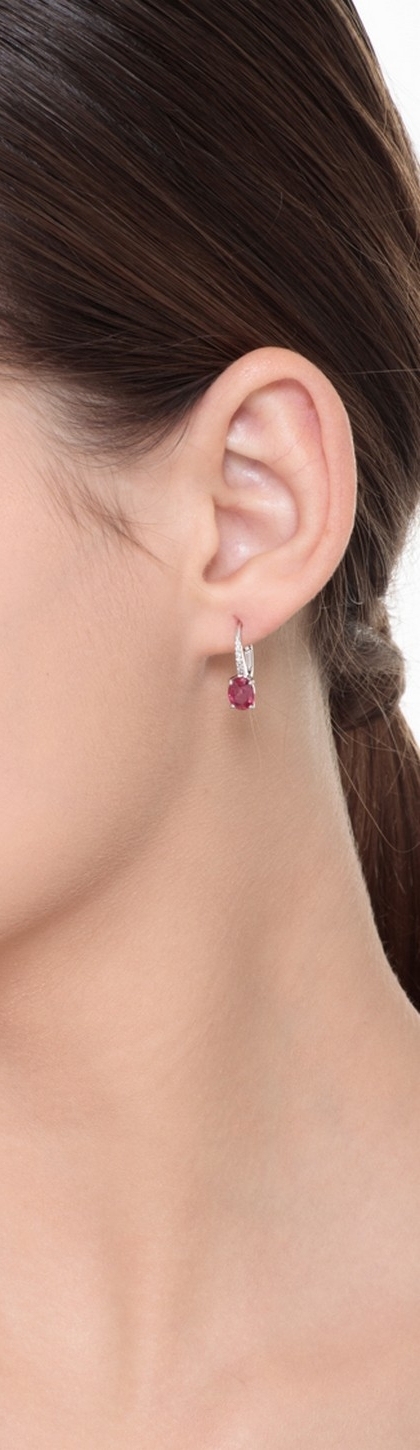 Boucles d’oreilles en or blanc 18k avec rubis ovale et diamants
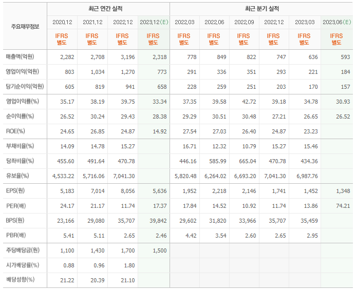 2022년 매출은 3196억, 영업이익은 1270억, 당기순이익은 941억입니다. 그리고 영업이익률은 39.75%입니다.
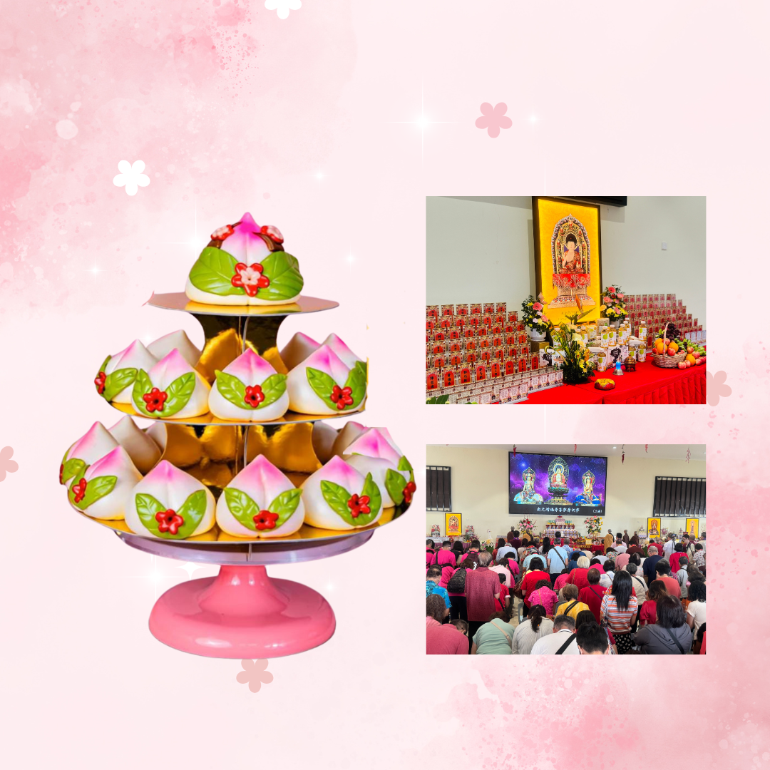 🪔 寺院为施主特献上大方宏伟的吉祥寿桃塔,为观音菩萨圣诞及药师琉璃光如来圣诞祝福祈寿,愿施主福寿绵长,家族和乐美满。
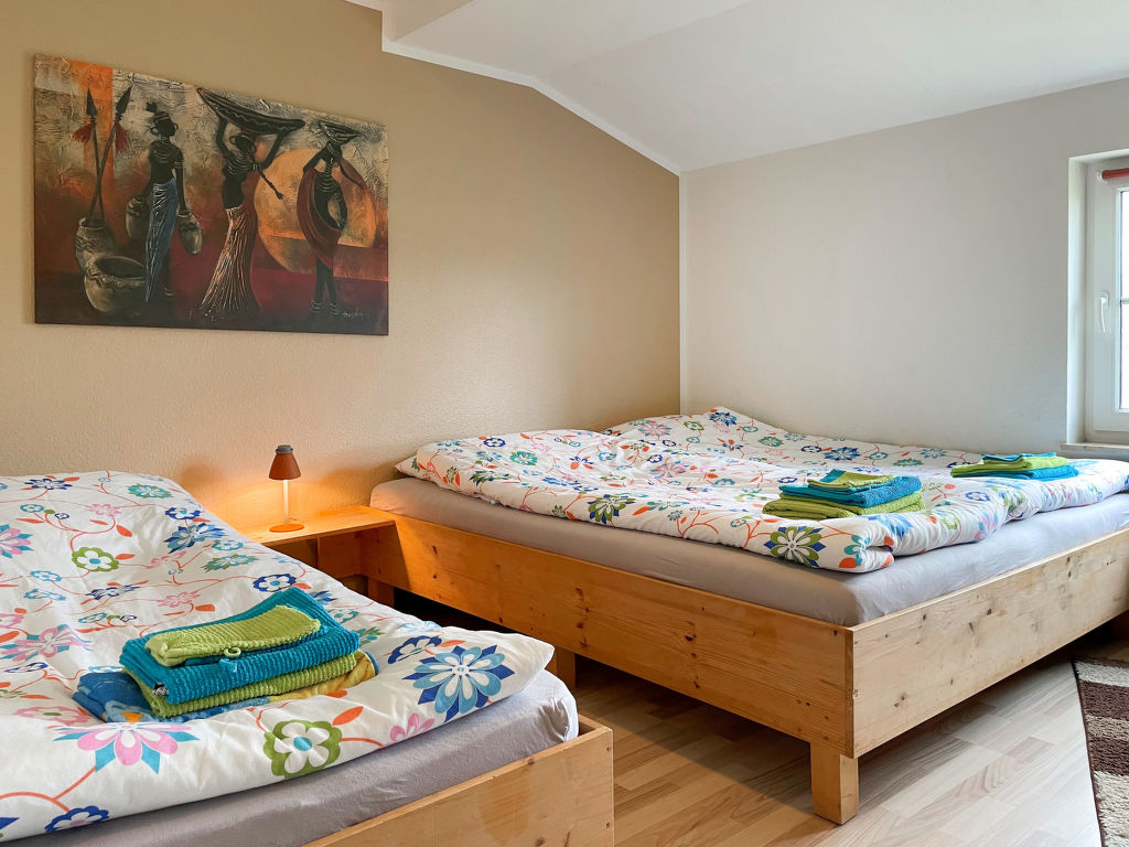 2-Zimmer-Wohnung 50 m2, im Erdgeschoss. Schön und gemütlich eingerichtet: Wohnzimmer 13 m2 mit Sat-TV. 1 Zimmer 13 m2 mit 1 Bett (90 cm, Länge 200 cm), 1 Doppelbett (2 x 90 cm, Länge 200 cm). Abgeschrägte Küche 8 m2 (4 Kochplatten, Backofen, Mikrowelle, elektrische Kaffeemaschine) mit Esstisch. Dusche/WC. Kleine Terrasse. Terrassenmöbel. Zur Verfügung: Waschmaschine, Kinderhochstuhl. Internet (Wireless LAN, gratis). Bitte beachten: Nichtraucher-Unterkunft. 2 Haustiere/Hunde erlaubt.

--*--

_PROBLEM TO WORK ON_
Repeat the listing in full and exactly. Leave any pictures out.

_SOLVED PROBLEM_
 Boucles d’oreilles en or blanc 18k avec rubis ovale et diamants
 2022년 매출은 3196억, 영업이익은 1270억, 당기순이익은 941억입니다. 그리고 영업이익률은 39.75%입니다.
 🪔 寺院为施主特献上大方宏伟的吉祥寿桃塔,为观音菩萨圣诞及药师琉璃光如来圣诞祝福祈寿,愿施主福寿绵长,家族和乐美满。
 2-Zimmer-Wohnung 50 m2, im Erdgeschoss. Schön und gemütlich eingerichtet: Wohnzimmer 13 m2 mit Sat-TV. 1 Zimmer 13 m2 mit 1 Bett (90 cm, Länge 200 cm), 1 Doppelbett (2 x 90 cm, Länge 200 cm). Abgeschrägte Küche 8 m2 (4 Kochplatten, Backofen, Mikrowelle, elektrische Kaffeemaschine) mit Esstisch. Dusche/WC. Kleine Terrasse. Terrassenmöbel. Zur Verfügung: Waschmaschine, Kinderhochstuhl. Internet (Wireless LAN, gratis). Bitte beachten: Nichtraucher-Unterkunft. 2 Haustiere/Hunde erlaubt.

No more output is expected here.